The American remake can be judged on its own terms, though, like the BBC original, it is overshadowed by a giant, manipulative presence. Both cultures take certain givens for granted – the tacit values and assumptions shaping attitudes even when not actively moving the plot. In Britain the elephant in the room is class. In Washington it is corporatism, and much more openness about money – although, as Congressional whip Francis Underwood assures us in one of his confidential asides to camera, power, not money, is what counts.

Underwood dominates the story, lying, bluffing, double-bluffing, ensnaring nature’s weaklings and dupes as he aims for the ultimate prize. His tendency to Shakespearean asides, confiding, self-congratulatory or – rarely – angry, underlines the character’s classical antecedents: Richard III, a dash of Macbeth, Edmund in Lear, Iago – “such smiling rogues” who prove that a man may smile and smile and be a villain.

Unfortunately Kevin Spacey goes easy on the smiles. He has none of Richard’s glee or Edmund’s fatalistic relish of his dark side. Having paid his classical theatre dues, Spacey can freeze into dead-eyed dislike to chilling effect, momentarily revealing a visitor from another planet. But he eschews honest Iago’s bonhomie in favour of machiavellian duplicity signalled with semaphore emphasis. Here is a clever actor playing a clever actor, oozing such insincerity that you wonder how even Washington politicos can be taken in.

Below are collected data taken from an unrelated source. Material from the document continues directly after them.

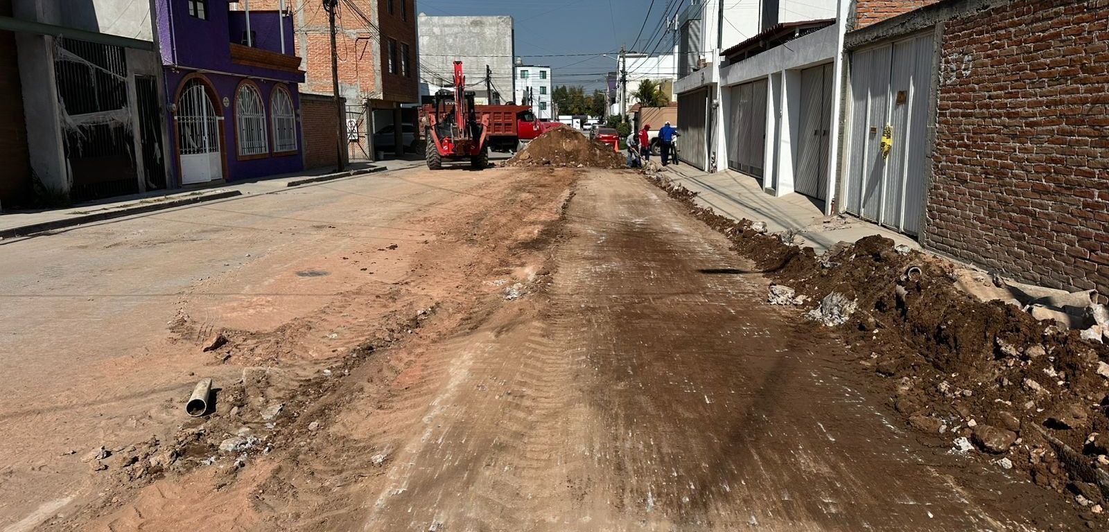 • Actualmente, los trabajos se encuentran en la etapa de bacheo, que incluye la colocación de material de base, relleno y compactación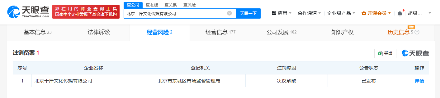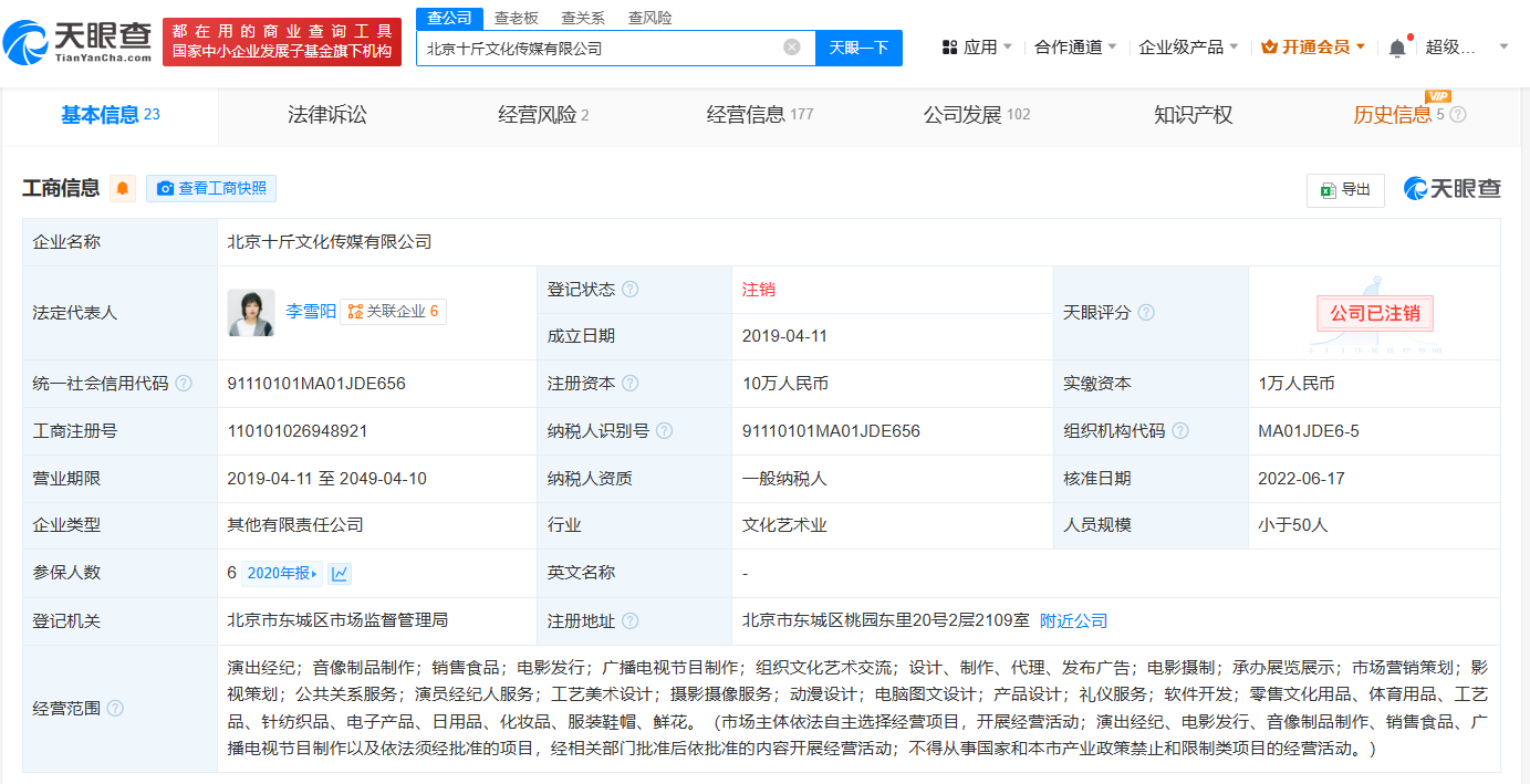 天眼查App显示,北京十斤文化传媒有限公司成立于2019年4月,注册资本10万人民币,法定代表人、执行董事、经理为李雪阳(李雪琴)。变更记录显示,2021年5月,李雪阳(李雪琴)退出该公司股东,新增上海酥年文化艺术策划合伙企业(有限合伙)为股东,后者由李雪琴妈妈贾凤春和杨凡共同出资。2022年3月,该公司发布注销公告,注销原因为决议解散,清算组负责人为李雪阳(李雪琴)。目前,该公司已于2022年6月注销。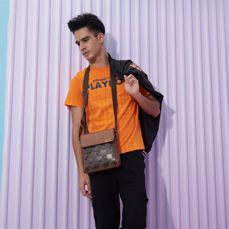 Playboy Shoe&Bag TH กระเป๋าชายแมสเซนเจอร์สกรีนลายหมากฮอตบน PVC-น้ำตาล ST-B232PBM238-BR

He makes the most of the mocking self-deprecation with which Underwood undercuts his unsavoury secrets. “I’m not going to lie. I despise children . . . There! I’ve said it.” Or “I will march forward even if I have to do so alone . . . See? I told ya!” If sometimes recalling a malevolent pudding, Spacey can elevate a mock-Jacobethan guilty monologue to something near the real thing, as when remembering, in church, the man he has murdered: “Is that you, Peter? Stop hiding in my thoughts and come out. There is no solace above or below us, only small, solitary striving, battling one another . . . I pray to myself, for myself.” The actor’s dark nihilism evokes Iago.

British viewers may find the US political manoeuvring plodding, even though the first episodes are directed by David Fincher (The Social Network), and Joel Schumacher is also on board. The serial really ignites when it turns into a detective thriller as Underwood’s skein of evil begins to unravel – the last four episodes grip. The large cast is without weakness, notably Robin Wright as Underwood’s wife, here a much larger role than the English original, and Stoll, a revelation as a Congressman whose personal Calvary – drink, drugs, whores; redemption, temptation and fall – is both epic and intimately human. These characters have the advantage of changing in the course of the action, unlike Underwood. That’s the trouble with icons, even evil ones: they may dominate but they rarely surprise.